Любил он свою младшую племянницу, знал чуть ли не с самого ее рождения.
– Государь-дяденька, – лепетала она лет в пять, – ты знаешь, все люди-то похожи на зверей: кормилица на козу, матушка на лисицу, ты на кота…
– А ты? – Он, смеясь, подхватил ее на руки, – А ты на кого, лапушка?
– Я птаха серая, – серьезно сказала девочка.
И стала она для него Птахой серой. Хотя и выросла в красивую, умную, образованную девушку, было в ней что-то действительно от скромной птахи: неброскость, ненавязчивость, грустная нежность.
Да, и в последний раз видел он ее вовсе не на ассамблее, а на похоронах царицы Прасковьи. Вся в черном, настоящей послушницей, стояла Прасковьюшка у гроба матери. Больно сжалось тогда у него сердце от мысли, что по его вине остается царевна вековухой: уступил ей, не искал больше женихов среди иноземных правителей, отнял у любимой племянницы единственную возможность для нее, царевны, женского счастья – стать матерью. Решил заняться ее устройством, предварительно посоветовавшись об этом тонком деле с женой.
– Поздно, – возразила Екатерина, когда он рассказал ей о своем намерении, – перестарок, залежавшийся дипломатический товар.

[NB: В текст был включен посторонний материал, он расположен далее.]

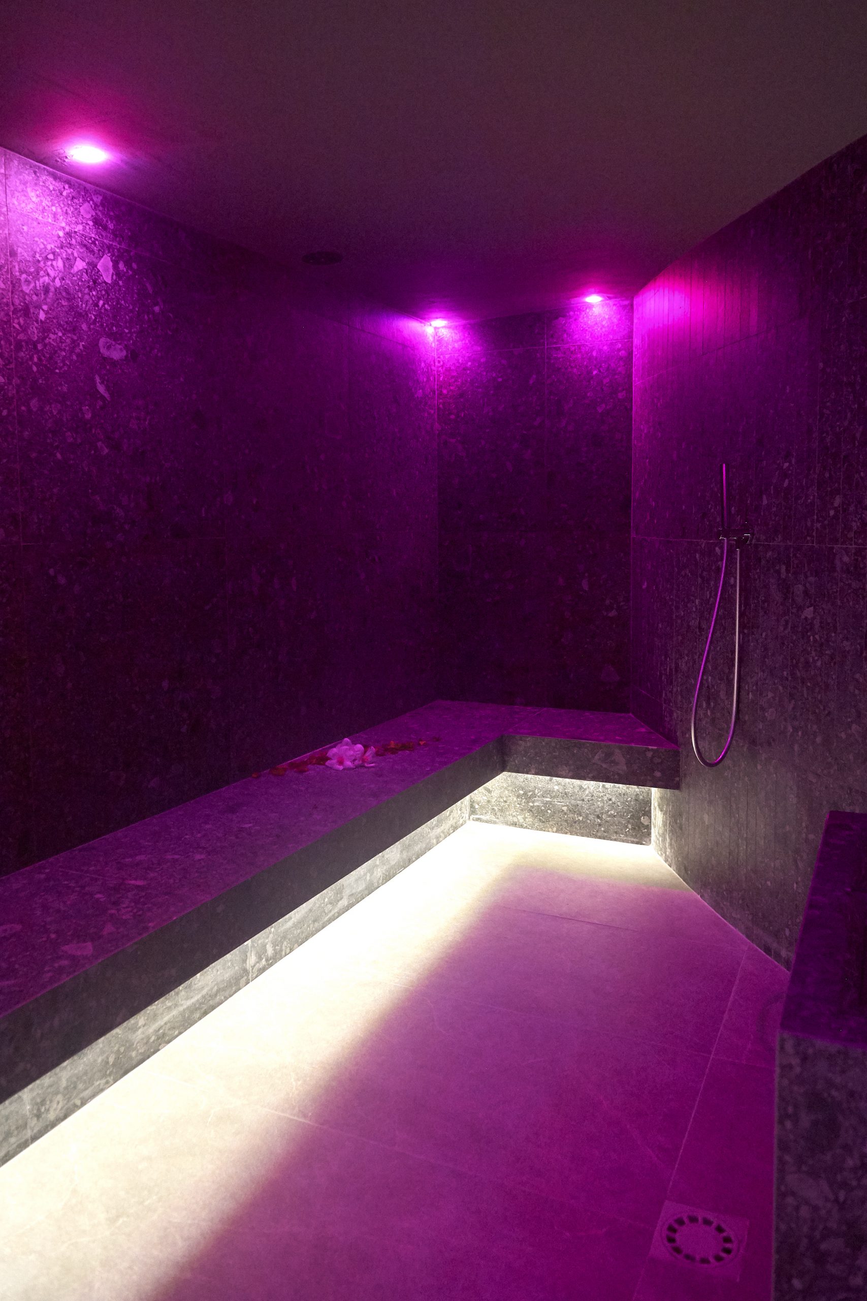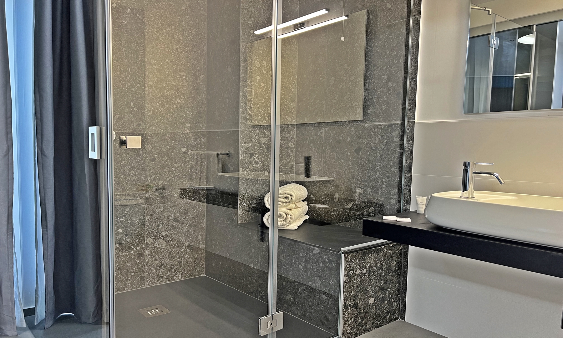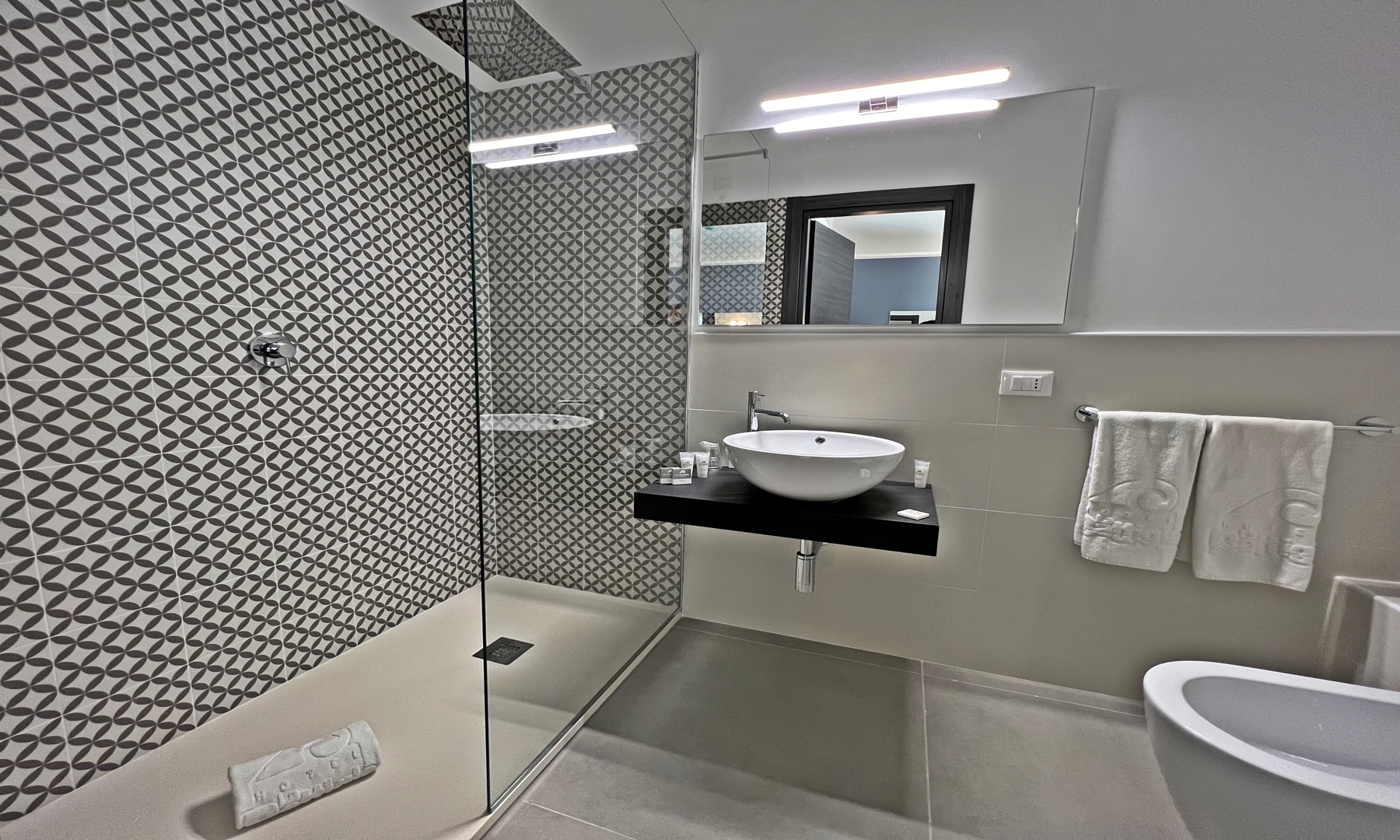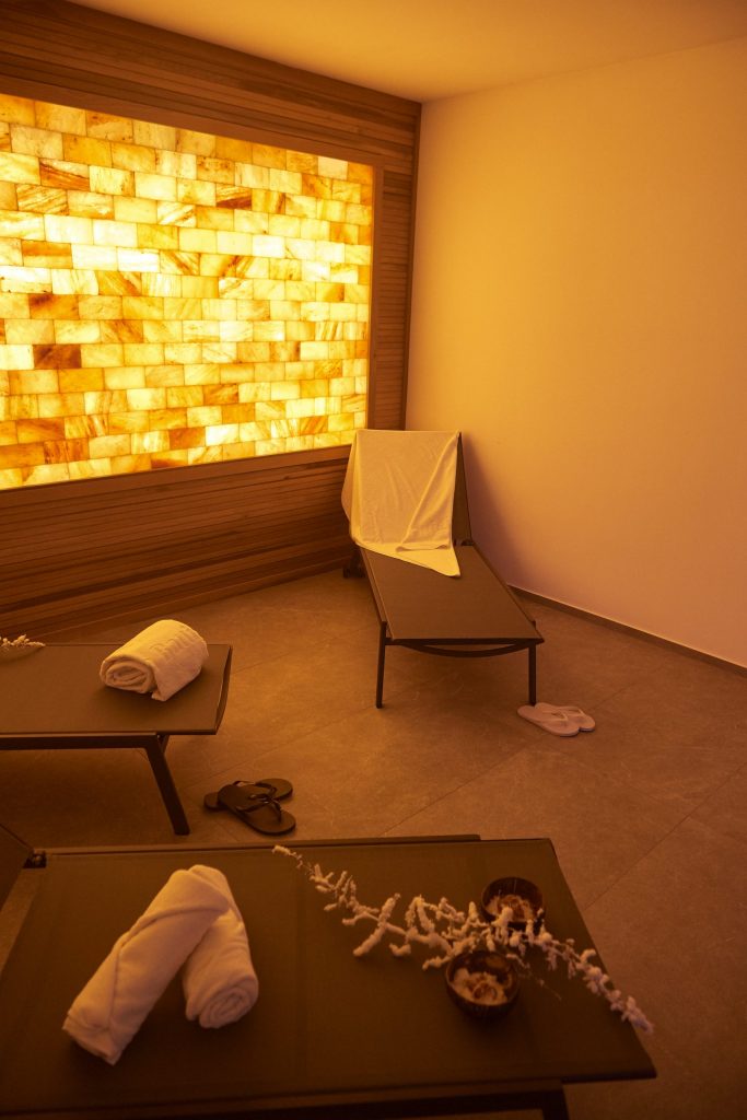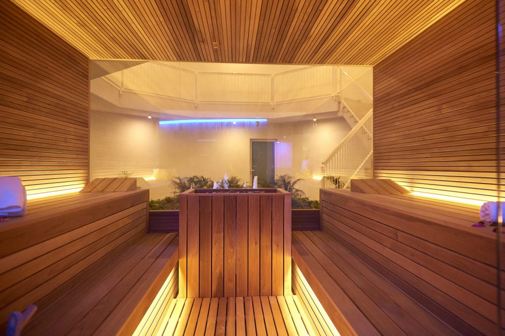 Il resort si struttura su quattro diversi livelli: la SPA al livello inferiore, il ristorante, il bar, la reception e le sale comuni a piano terra, quindi le camere e le suite fino alla terrazza panoramica, dove è ospitato il suggestivo sky-bar che sembra voler toccare il cielo e il mare con un dito.

Жена так никогда и не смогла подавить ревнивой неприязни к его любимой племяннице. Он не осуждал ее: свои дочери подрастали, о них должен в первую очередь заботиться. Да и права была Екатерина: Прасковьюшка засиделась в девках. Вряд ли самый захудалый герцогишка польстился бы на невесту, которой вот-вот исполнится тридцать лет.
Птаха серая решила все сама. И когда он, дядя, запоздало помышлял устроить ее женское счастье, уже любила и ждала ребенка.
Но как же осмелилась она на такой отчаянный, такой безрассудный поступок? Как смогла сохранить в тайне столь длительную связь? Впрочем, о связи этой лишь царская семья не знала. Меншикову было известно, о ней ведал и генерал-прокурор сената Ягужинский и примечала еще едва ли не дюжина приближенных. Но молчали, подлецы! Развязали языки, лишь когда он получил записку, написанную нетвердой рукой, будто ее карябал едва постигающий грамоту: «Государь-дяденька, прости. Умираю. Позаботься о моем сыночке. Молю тебя».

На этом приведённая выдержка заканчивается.